In southern New Mexico, a seldom-studied subspecies of chipmunk faces an uncertain future due to the destruction of the high-elevation coniferous woodlands it inhabits. Using camera traps, a recent student research project mapped the distribution of these Oscura Mountains Colorado chipmunks to help inform the population’s monitoring and conservation.
“It was overarching landscape-scale factors like vegetation community type and proximity to steep areas with exposed rock that were most important in predicting what areas were most likely to have chipmunks,” said Ian Perkins-Taylor, who conducted the study for his master’s thesis at New Mexico State University.
Perkins-Taylor started his Oscura Mountains Colorado chipmunk (Neotamias quadrivittatus oscuraensis) research — which earned him second place for his student presentation at the 2017 annual TWS conference in Albuquerque, New Mexico — in 2015. To find out where the animals lived without causing the stress or mortality associated with live trapping, he placed camera traps across the Oscura Mountains, which cover about 10,000 acres in New Mexico’s White Sands Missile Range. He also measured local habitat features, such as ground cover, canopy cover and temperature, and looked at landscape-scale GIS data, including elevation, vegetation productivity and land cover type.
The chipmunks are restricted to mountaintop pinyon woodlands, Perkins-Taylor said, which have been disappearing and fragmenting under pressure from humans, bark beetle outbreaks, droughts, wildfires and climate change over the past decade.
“It’s believed that the pinyon pinecones are the main source of food for the chipmunk, so biologists are worried about how impacts on the pinyon community could affect the chipmunk population,” he said.
The Oscura Mountains Colorado chipmunk is a species of greatest conservation need, according to the New Mexico Department of Game and Fish, which means more research is required to protect it. One of the only published studies on the animals examined their habitat use through visual surveys, Perkins-Taylor said, but walking around searching for chipmunks isn’t as effective as capturing them with camera traps.
Now a biological scientist with the Florida Fish and Wildlife Conservation Commission, Perkins-Taylor became involved with TWS at the regional level when he began his master’s degree.

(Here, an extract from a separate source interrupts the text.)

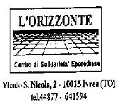 L'Orizzonte Centro di Solidarietį Eporediese, associazione di volontariato senza scopo di lucro, operante nel campo del recupero, della riabilitazione e per il reinserimento sociale dei tossicodipendenti, costituitosi in Ivrea con atto rogito del notaio Cignetti in data 24.03.1992, aderisce per finalita' e metologie alla Federazione Italiana Comunita' Terapeutiche Conseguentemente esso propone un programma educativo, in una configurazione adattata alla realtį locale nel rispetto della sperimentata articolazione in tre fasi, cui corrisponde una analoga organizzazione delle strutture, cosi' come meglio descriveremo qui di seguito. Affianca il Centro Eporediese di solidarietį l'Associazione famiglie per l'Orizzonte, la quale svolge attivo lavoro di informazione e sostegno alle famiglie dei ragazzi tossicodipendenti in programma educativo ed anche alle famiglie di coloro che ancora si trovano all'esterno o in carcere. Il lavoro dell'Associazione, a cui ci si puo' rivolgere liberamente ogni giorno dalle ore 8 alle ore 18, é svolto da volontari e famigliari di ragazzi che hanno avuto esperienza in Comunitį e si svolge principalmente con colloqui individuali e riunioni in cui vengono affrontati di volta in volta temi di interesse comune.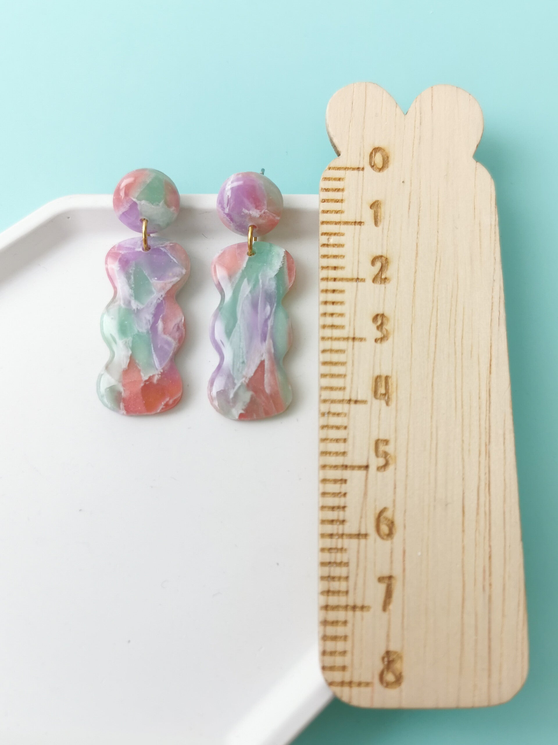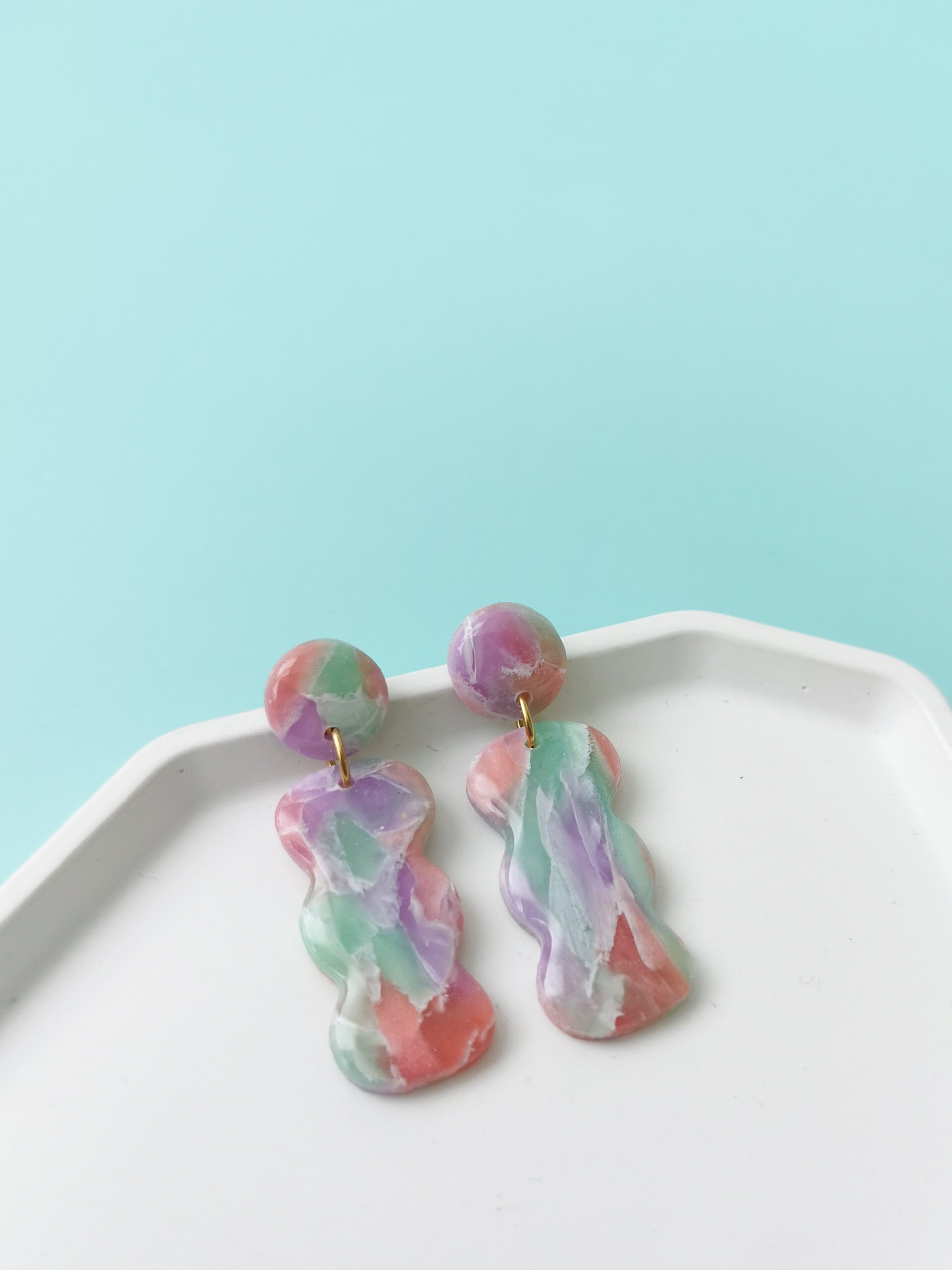 Oorbellen in 3 prachtige zachte kleuren in een golvende vorm. Ze zijn handgemaakt van polymeerklei, licht in gewicht en lekker kleurrijk! Ze zijn tevens afgewerkt met resin wat zorgt voor een mooie glans.

His chipmunk presentation had won the student competition at the joint annual meeting of the New Mexico and Arizona chapters last February, but he wasn’t expecting nationwide recognition.
“That was a big surprise because I didn’t even know they were doing a competition and just got the email,” said Perkins-Taylor, who recently joined the TWS parent society. “We put a lot of work into the presentation to come up with a coherent narrative so we could get across all the background and statistical information while still being interesting. It was nice to hear people thought we did a good job.”
Perkins-Taylor said he enjoyed the “exciting” opportunity to informally share his research, learn from other presentations and network at the TWS conference, which was his first national one.
“It was nice to hear about different research projects around the country, and hearing interesting statistical methods that I may want to try sometime soon,” Perkins-Taylor said. “At that point, I had just been offered the job with the Florida Fish and Wildlife Conservation Commission, so I was able to go to their talk and introduce myself.”
Perkins-Taylor says he’s “definitely” interested in returning to the 2018 annual TWS conference in Cleveland, Ohio, next fall.